+++ DATA FOR THIS TASK +++
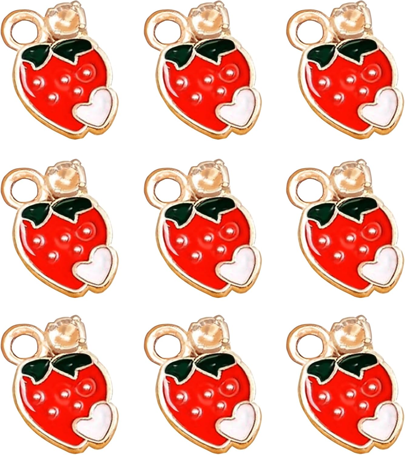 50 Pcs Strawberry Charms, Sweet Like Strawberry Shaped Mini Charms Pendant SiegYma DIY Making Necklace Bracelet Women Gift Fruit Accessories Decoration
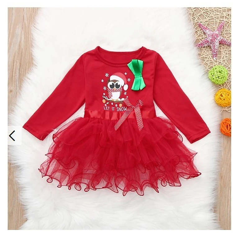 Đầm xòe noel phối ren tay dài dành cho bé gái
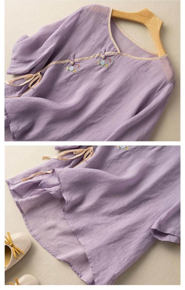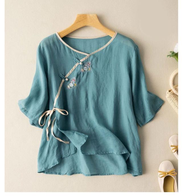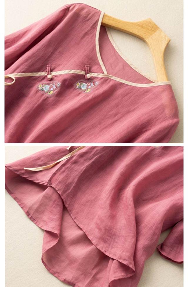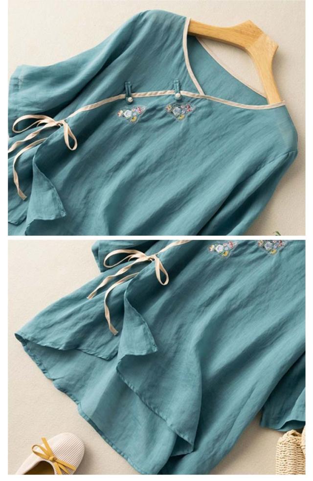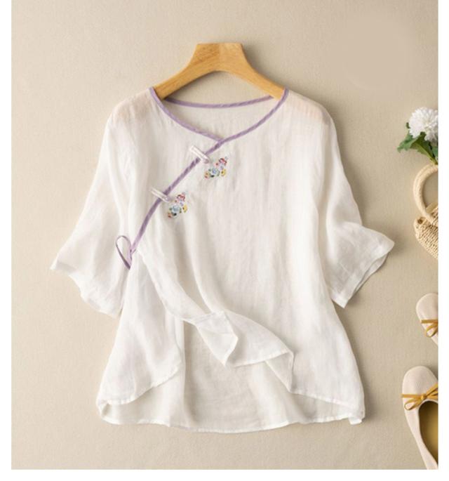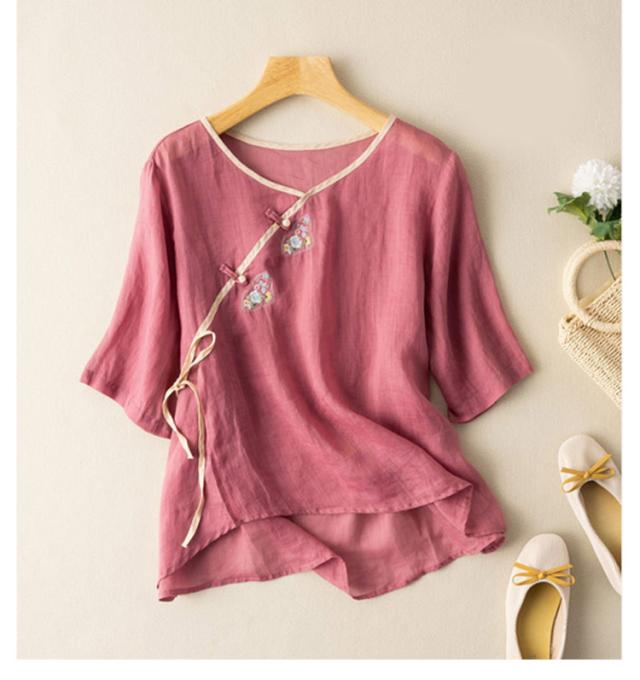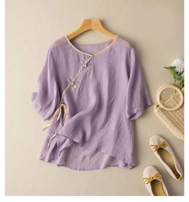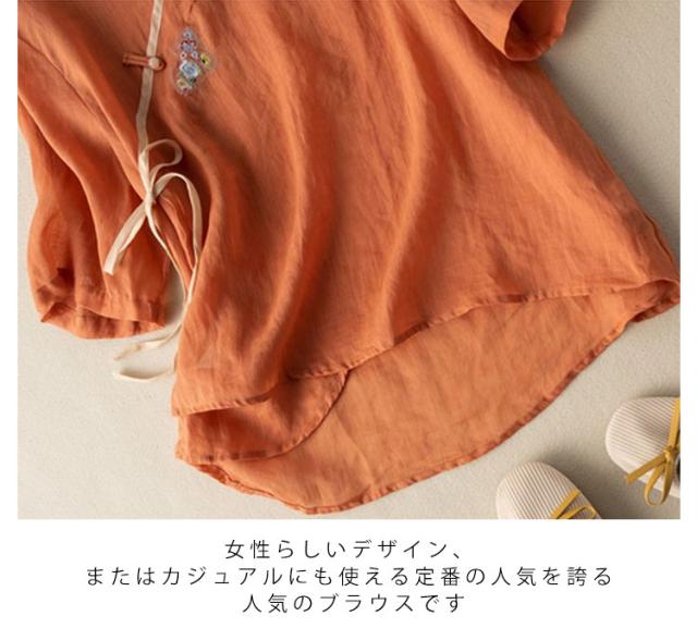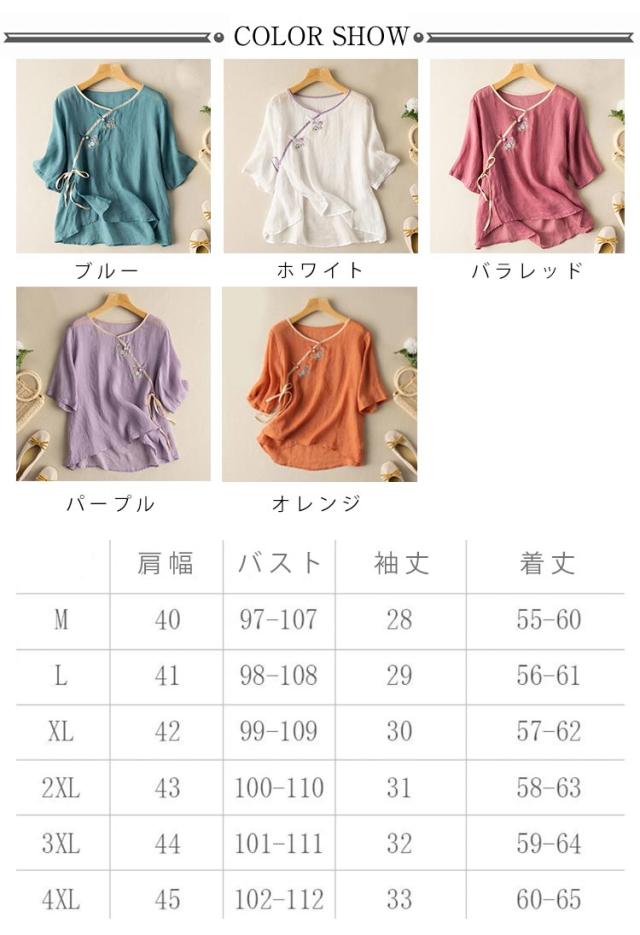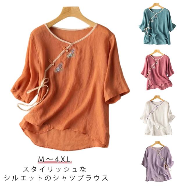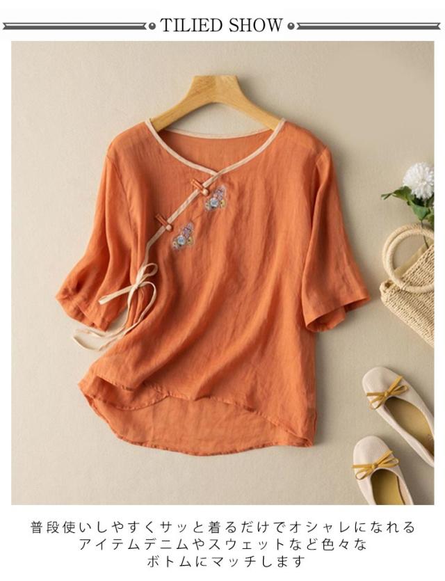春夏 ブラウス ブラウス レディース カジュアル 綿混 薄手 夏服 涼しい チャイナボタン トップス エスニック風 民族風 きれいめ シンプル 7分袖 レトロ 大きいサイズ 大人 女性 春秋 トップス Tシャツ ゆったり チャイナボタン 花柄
+++
+++ DATA FOR THIS TASK +++
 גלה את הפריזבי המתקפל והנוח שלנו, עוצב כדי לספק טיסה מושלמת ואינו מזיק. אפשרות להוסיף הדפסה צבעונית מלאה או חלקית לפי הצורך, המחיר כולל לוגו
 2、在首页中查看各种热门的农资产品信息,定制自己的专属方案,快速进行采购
+++
Go to the line in the material above that contains "גלה את הפריזבי" and copy exactly from there through the line that contains "2、在首页中查看各种热门的农资产品信息,定制自己的专属方案,快速进行采购", stopping after it.

 גלה את הפריזבי המתקפל והנוח שלנו, עוצב כדי לספק טיסה מושלמת ואינו מזיק. אפשרות להוסיף הדפסה צבעונית מלאה או חלקית לפי הצורך, המחיר כולל לוגו
 2、在首页中查看各种热门的农资产品信息,定制自己的专属方案,快速进行采购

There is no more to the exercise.